Specifically, they only sample two of his songs, at least so far. On the one hand, I always considered "You Look Wonderful Tonight" to be a marginal and forgettable little ballad just a few notches above waste-of-good-vinyl. But I really liked "Layla," and I use the past tense deliberately, bitterly, and unhappily.

SBC has effectively ruined "Layla" for me, and I suspect for thousands of others, as only TV and radio advertising can: by hammering us with it, besieging us with it, playing it O-ver and O-ver and O-ver until even if it had been my all-time, far-and-away favorite piece of music (there really is none, but "Come Go With Me," "Turd On The Run" and "Scheherezade" are all contenders), I would by now have come to hate it, or at least dread and cringe at the sound of it.

You know what I'm talking about, and the truth of it. United Airlines and "Rhapsody In Blue," hey? I rest my case.

And like United, SBC would ruin a delightful, even transcendent piece of music for me for one purpose only--to try to sell me something. To curry my favor.
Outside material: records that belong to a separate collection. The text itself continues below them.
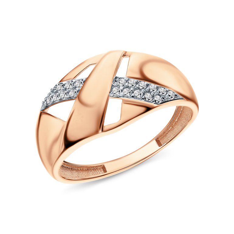Кольцо, вставка: фианит бесцветный; Розовое золото 585 пробы.
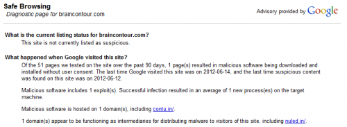 https://www.braincontour.com contains content from nuled.in, a site known to distribute malware. Your computer might catch a virus if you visit this site.
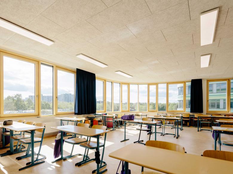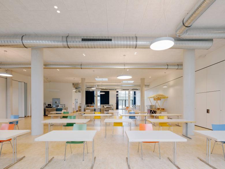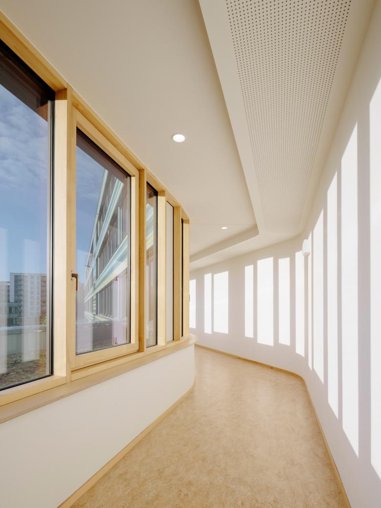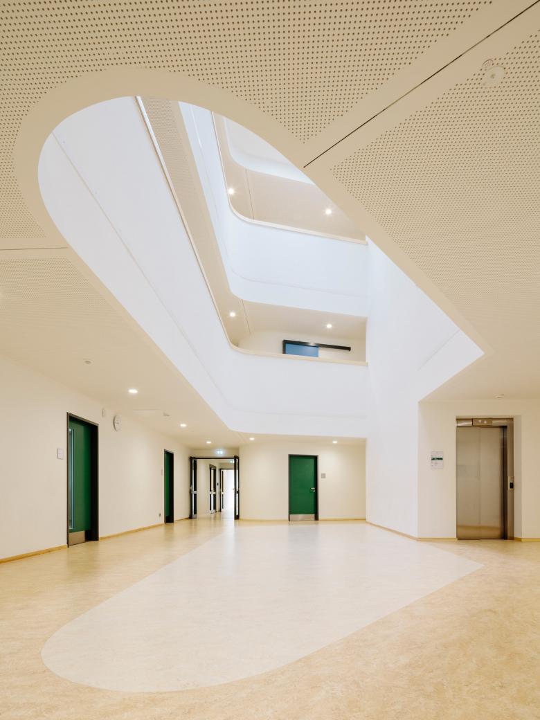 Der Neubau des Campus Steilshoop vereint auf 12.800 Quadratmetern nicht nur Grund- und Stadtteilschule unter einem Dach, sondern wagt mit der Integration des Quartierszentrums im zweiten Gebäudekomplex einen bedeutungsvollen Neuanfang. Neben der Grund- und Stadtteilschule »Schule am See« finden hier nämlich auch die Bücherhalle, die Volkshochschule, die Elternschule Steilshoop und das Haus der Jugend ihren Platz, an dessen Ort vorher der sogenannte »Betonriegel« aus den sechziger Jahren zunehmend zum Kern des Problemviertels wurde.
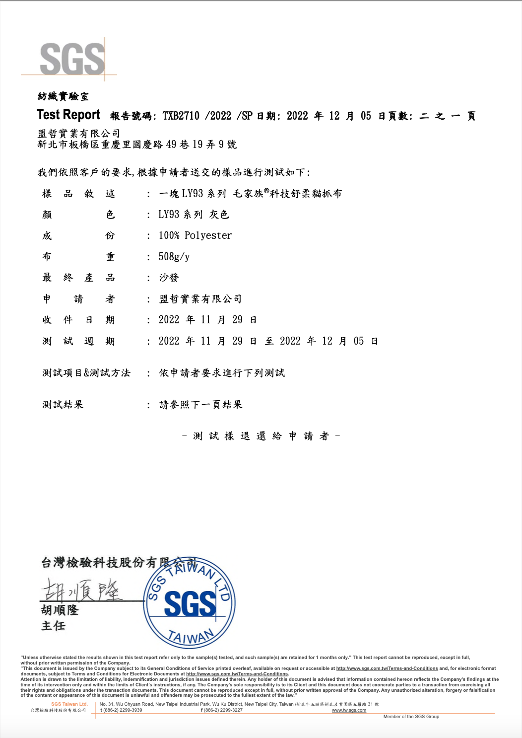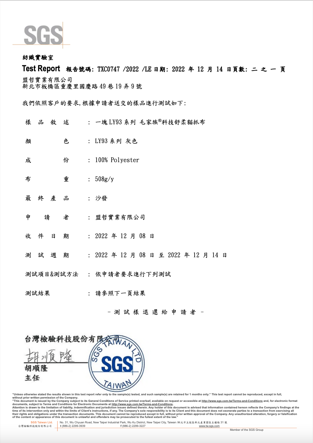 ✦ LY奈米級耐磨布紋皮,基於歐洲化學品管理 高關注物質候選清單(依據歐盟第1907/2006號REACH法規)對191種高關注物質進行篩分社,根據具體的測試範圍和分析技術,樣品中測試的高關注物質濃度都低於0.1%(w/w)全部都通過。
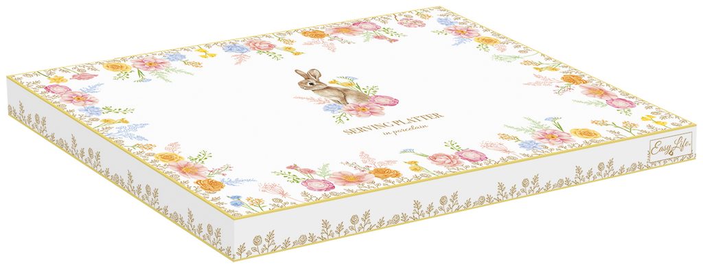 Jemný porcelánový podnos v tvare veľkonočného vajíčka prinesie na váš stôl jarnú sviežosť, eleganciu a sviatočnú atmosféru. Kvetinový motív so zajačikom a zlatými detailmi je ideálny na servírovanie dezertov aj ako štýlová veľkonočná dekorácia.
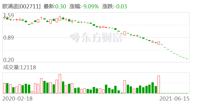 沪深交易所2021年06月15日公布的交易公开信息显示,欧浦退因成为退市整理的证券上榜。欧浦退当日收报0.30元,涨跌幅-9.09%,换手率0.12%,成交额36.35万元。

To cast themselves in a positive light.

Why and how they thought this would work is a mystery to me. What exactly was the marketing logic here? "If we can so relentlessly and shabbily exploit something that he values that he he actually finds himself detesting it and the process that debased it for him, he will want to do business with us"?

And while we're on the subject of Raging Irrationality, here's another question: Why Clapton?
What the hell does Eric Clapton, the man or the musician, have to do with telephone service, or high-speed cable, or electronics of any kind? If you want to peddle your ringtone downloading or video streaming capabilities, any music will serve to illustrate the features. There's no need to befoul genuine greatness while making your point. If you have to reduce a popular piece of contemporary music to the level of commercial irritant, why couldn't you trash out Toby Keith or 50 Cent or, if you're dead set on taking down a piece of classic rock, the Electric Light Orchestra, one of whose songs actually opened with a ringing phone?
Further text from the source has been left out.